_Input data_.
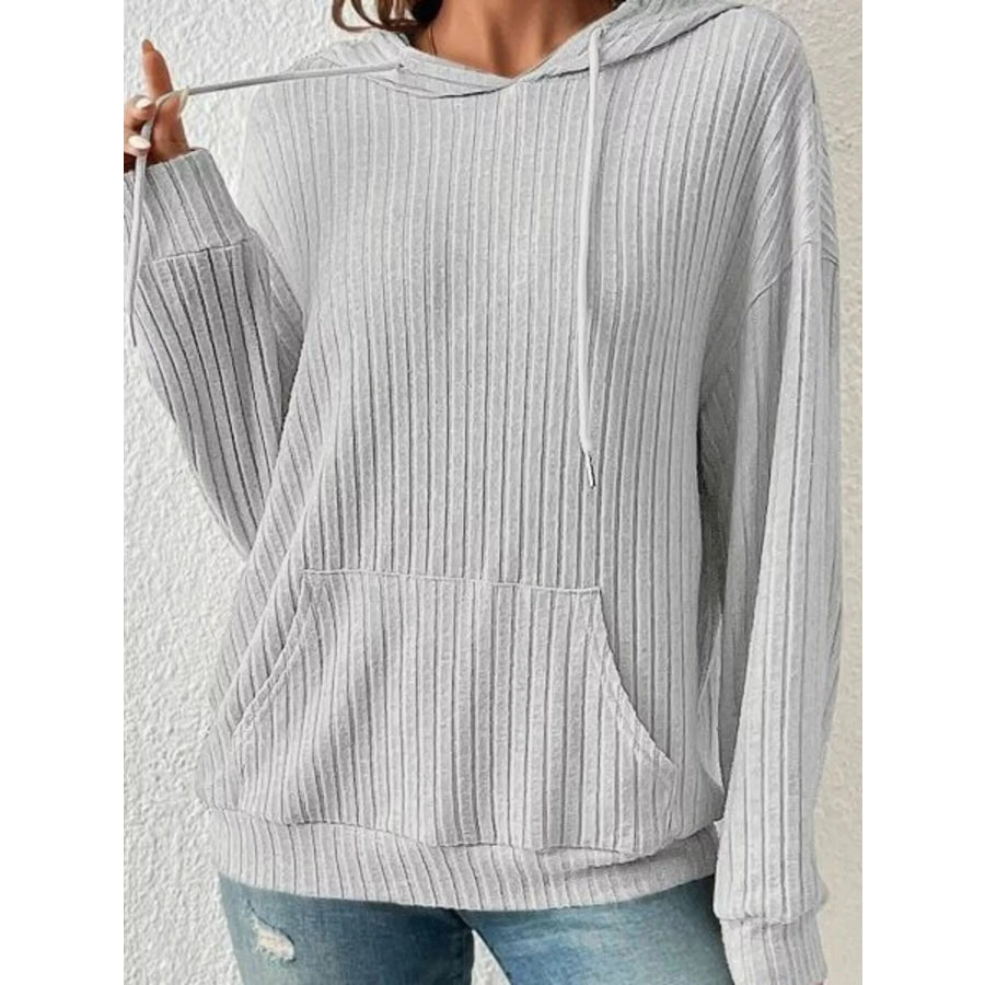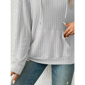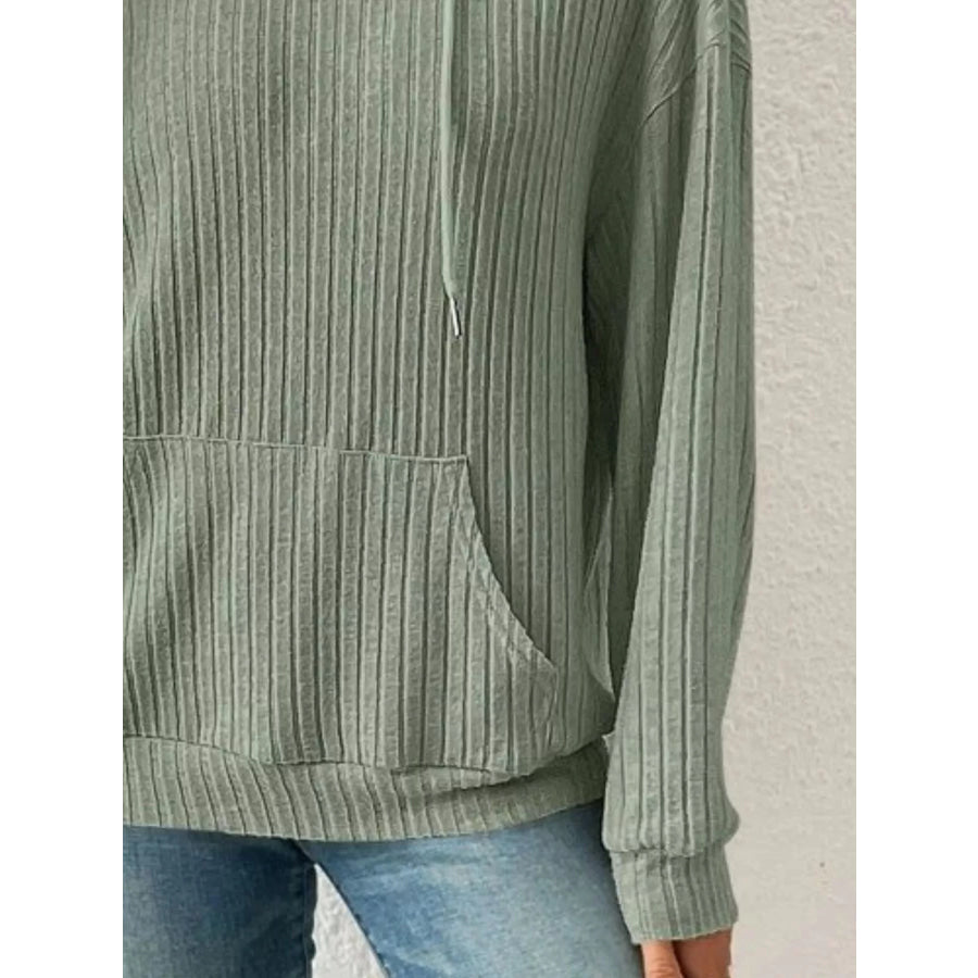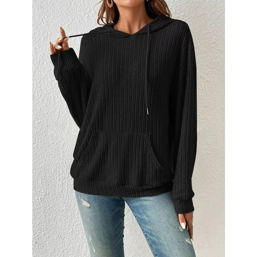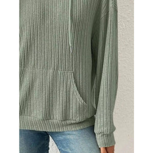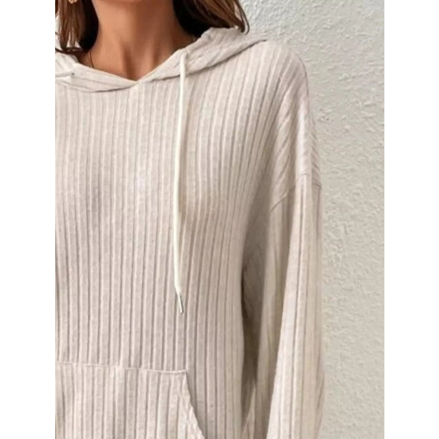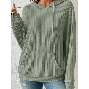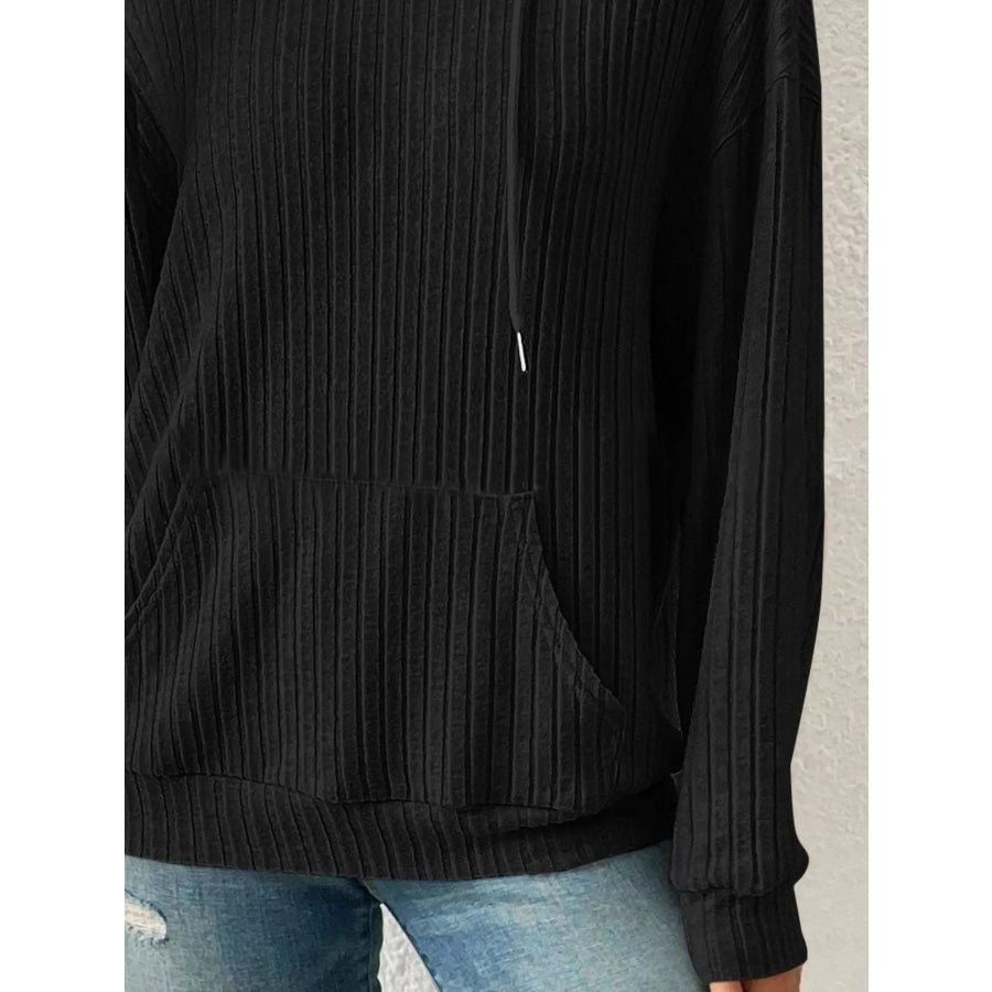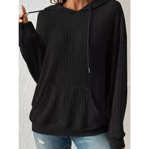 Ribbed Knit Long Sleeve Drawstring Hoodie
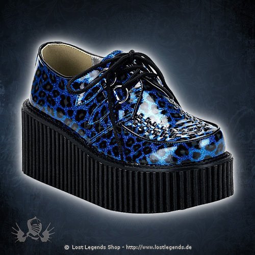 3″ Plateau Goth Punk Rockabilly Blue Cheetah Gltr Pat Creeper in der Farbe Blau Leopard.
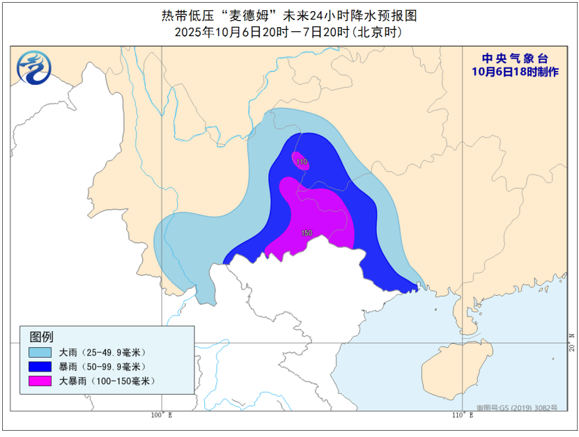 降水预报:6日20时至7日20时,广西西部、贵州西部、云南东部和南部等地有大到暴雨,部分地区有大暴雨(100~150毫米);上述部分地区伴有短时强降水,最大小时降雨量20~40毫米,局地可超过50毫米。

_What you have to do_.
Each line above should be output exactly, apart from the pictures.

_Your solution_.
 Ribbed Knit Long Sleeve Drawstring Hoodie
 3″ Plateau Goth Punk Rockabilly Blue Cheetah Gltr Pat Creeper in der Farbe Blau Leopard.
 降水预报:6日20时至7日20时,广西西部、贵州西部、云南东部和南部等地有大到暴雨,部分地区有大暴雨(100~150毫米);上述部分地区伴有短时强降水,最大小时降雨量20~40毫米,局地可超过50毫米。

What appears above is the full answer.